Great conductors of Bruckner are like great wines: they mature slowly. There is something about those unique blocks of sound and wisps of melody that transmogrify in unexpected directions that require a steady hand on the tiller but also an awareness of the vastness of the horizon beyond. It helps too if the conductor in question has spent a lifetime reflecting on each twist and turn of these amazing symphonic scores and the meaning of those big-boned phrases with their intimations of immortality. Like Stanisław Skrowaczewski , for instance. Now officially the oldest person ever to conduct in the Royal Festival Hall, he recalled in a recent interview the transformative moment when as a mere seven-year-old in Lwόw he first heard a Bruckner symphony. “I was paralysed, struck dumb, I almost lost consciousness,” he stated. “It was music of a power and beauty I had never experienced.”

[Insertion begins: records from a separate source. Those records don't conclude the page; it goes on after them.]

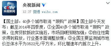 中新网1月15日电 据中央电视台新闻中心官方微博“央视新闻”消息,国土部今日发布:截至2014年四季度,全国40多个城市取消“限购”政策。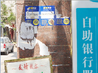 近日,不少市民反映,小区内和周围闹市区开始有大量的贷款小广告张贴,甚至于还有直接将宣传内容印刷在墙上或地面上,就连某家银行的一处营业网点外墙上也被贴上了“信用借款”的宣传广告。为此,有些市民怀疑这类广告是否可以相信。为此,记者针对此类问题进行了调查。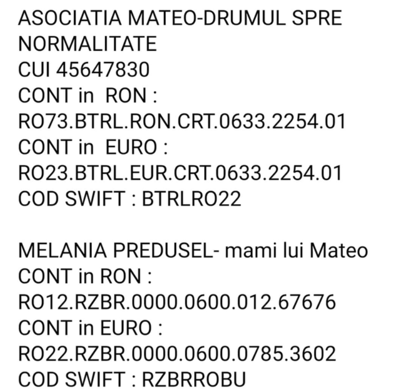 Cei care doresc să lupte, alături de mama sa, pentru Raiul lui Mateo și pentru însănătoșirea acestuia o pot face depunând bani într-unul din următoarele conturi: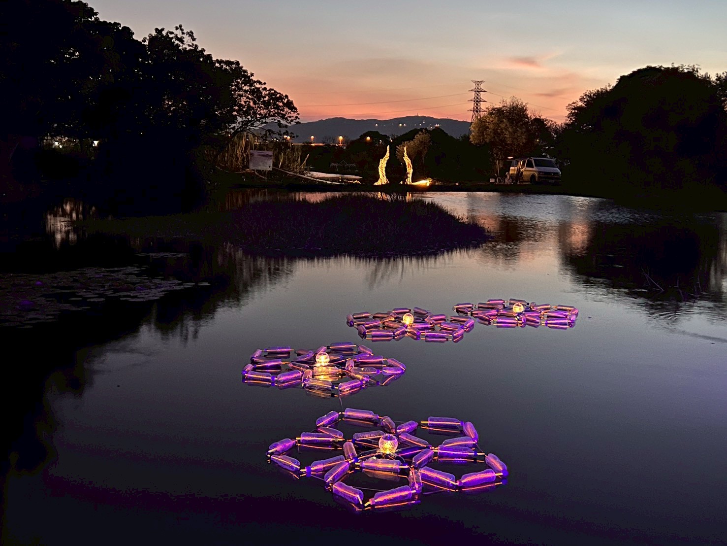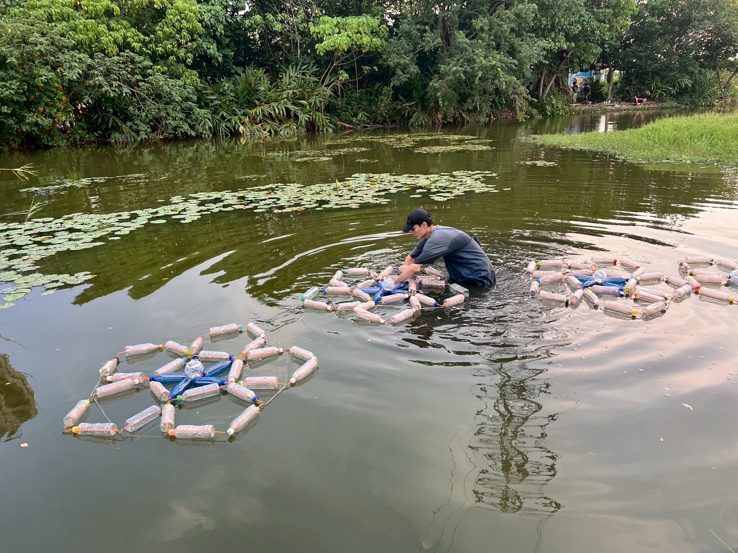 黃琬雯表示,作品靈感來自濕地常見的被子植物五瓣花與水生植物維管束切面,呈現自然中的幾何秩序之美。團隊以回收寶特瓶構築漂浮結構,並以螢光骨架連結出五邊形與十邊形的分形形式。白天,作品化為漂浮於水面的寶特瓶地景;夜晚,僅見閃爍微光的幾何花瓣在水面上綻放,象徵人工與自然的交融與共生。她指出,寶特瓶象徵城市消費循環,植物幾何代表自然生態的循環,兩者對立卻相互映照。這正是人與自然共存的縮影。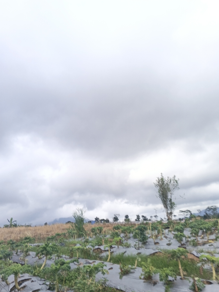 The scene depicts an agricultural field located in Pô Kô, Vietnam, under an overcast sky. The foreground and midground feature cultivated land with numerous low-lying green plants or plant stumps arranged in rows, growing through black plastic mulch which covers the ground. Patches of green grass and weeds are visible around the plants and between the mulch sheets. In the midground, to the left, are banana plants, and to the right, a slender tree with light green foliage stands. Beyond the cultivated area, a band of dry, light brown vegetation stretches horizontally, followed by a distant line of dark green trees. The horizon reveals faint outlines of mountains or hills obscured by a dense, uniformly grey cloud cover that dominates approximately two-thirds of the upper frame. No individuals or animal life are visible.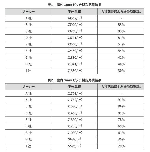 調査結果が表1,2になります。同じ屋外3mmピッチ製品、同じ室内3mmピッチ製品にも関わらず最も高いメーカーと最も安いメーカーでは3倍以上の価格差があることがわかります。各メーカーそれぞれしのぎを削っているとは言え、非常に大きな価格差です。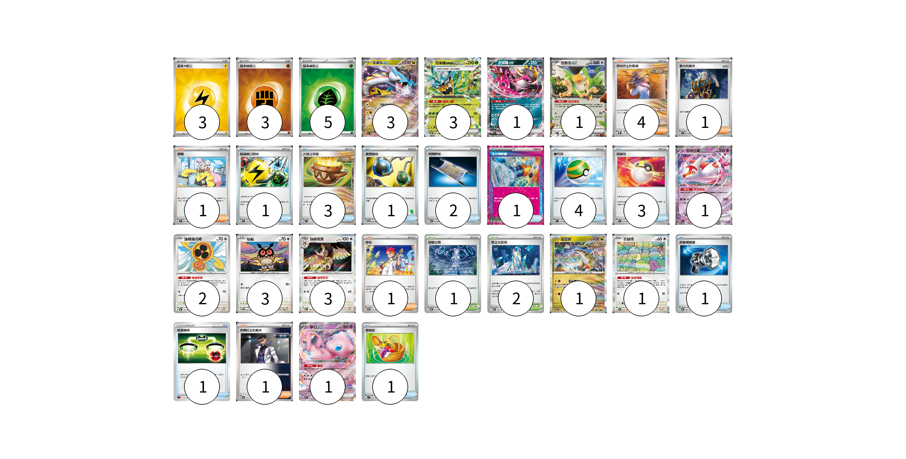 牌組構築方案 以此牌組為基礎新構築牌組 顯示卡面 顯示列表 寶可夢卡(20) 3 3 1 1 1 2 3 3 1 1 1 物品卡(18) 1 3 1 2 1 4 3 1 1 1 支援者卡(8) 4 1 1 1 1 競技場卡(3) 1 2 能量卡(11) 3 3 5 寶可夢卡(20) 卡牌名稱 張數 卡牌名稱 張數 猛雷鼓ex SV5K 053/071 03 厄鬼椪 碧草面具ex SV6 016/101 03 吉雉雞ex SV6a 038/064 01 怒鸚哥ex SVK 006/042 01 拉帝亞斯ex SV7a 019/064 01 旋轉洛托姆 SV8a 131/187 02 咕咕 SV7 076/102 03 貓頭夜鷹 SV8a 128/187 03 猛雷鼓 SV7 075/102 01 百變怪 SV4a 144/190 01 夢幻ex SV2a 151/165 01 物品卡(18) 卡牌名稱 張數 卡牌名稱 張數 超級能量回收 SVK 010/042 01 大地之容器 SVK 012/042 03 能量回收 SVI 049/066 01 夜間擔架 SV6a 056/064 02 頂尖捕捉器 SV5M 062/071 01 巢穴球 SVK 016/042 04 高級球 SVK 018/042 03 反擊捕捉器 SV8a 139/187 01 能量轉移 SDL 011/021 01 野餐籃 SV1V 071/078 01 支援者卡(8) 卡牌名稱 張數 卡牌名稱 張數 奧琳博士的氣魄 SVHK 017/022 04 老大的指令 SVK 036/042 01 奇樹 SVK 031/042 01 赤松 SV8a 163/187 01 弗圖博士的劇本 SV8a 175/187 01 競技場卡(3) 卡牌名稱 張數 卡牌名稱 張數 阻礙之塔 SV8a 181/187 01 零之大空洞 SV8a 182/187 02 能量卡(11) 卡牌名稱 張數 卡牌名稱 張數 基本【雷】能量 SVK LIG 03 基本【鬥】能量 SVK FIG 03 基本【草】能量 SVK GRA 05 以此牌組為基礎新構築牌組 牌組編碼 GZhuiG-mEMKfw-JhnkIW copy 列印牌組單 牌組編碼已複製 分享至SNS

There are few works that can fill an entire concert programme and leave the listener at its culmination with a sense of having undergone a spiritual experience. Bruckner’s Fifth Symphony is one such work. It strikes me as quite puzzling that this colossal piece, with its cosmic vision and arguably the finest purely orchestral finale ever written, is not performed as often as most others in the symphonic canon. It is one of only two (the Sixth is the other) not disfigured by cuts and revisions foisted on the composer by so-called, and ostensibly well-meaning, friends. It is also one of only two (the unfinished Ninth being its companion in this respect) which the composer never himself experienced in concert.

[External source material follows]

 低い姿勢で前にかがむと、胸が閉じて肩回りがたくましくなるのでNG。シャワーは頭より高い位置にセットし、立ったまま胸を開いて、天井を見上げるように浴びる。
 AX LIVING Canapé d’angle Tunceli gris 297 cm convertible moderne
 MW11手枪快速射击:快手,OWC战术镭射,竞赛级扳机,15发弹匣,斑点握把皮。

I have heard many performances that were more energetic, more enveloping and indeed more ecstatic than this one but few that were so shot-through with integrity and selfless musicianship. At 92, Skrowaczewski is a gaunt figure, his head bowed for most of the time; he stands throughout the 80-minute performance, needing only occasional support from his music-stand, on which the score remains unopened; his very short baton describes gently moving arcs in the air; nothing is harried or hustled along; his attention to dynamics is scrupulous. He is like a master-sculptor, working not with granite – for this is a different kind of performance – but with alabaster or marble, chiselling gently away at the surfaces, moulding and shaping, revealing the mottling of colour within the veins of the marble, polishing the translucence of the alabaster.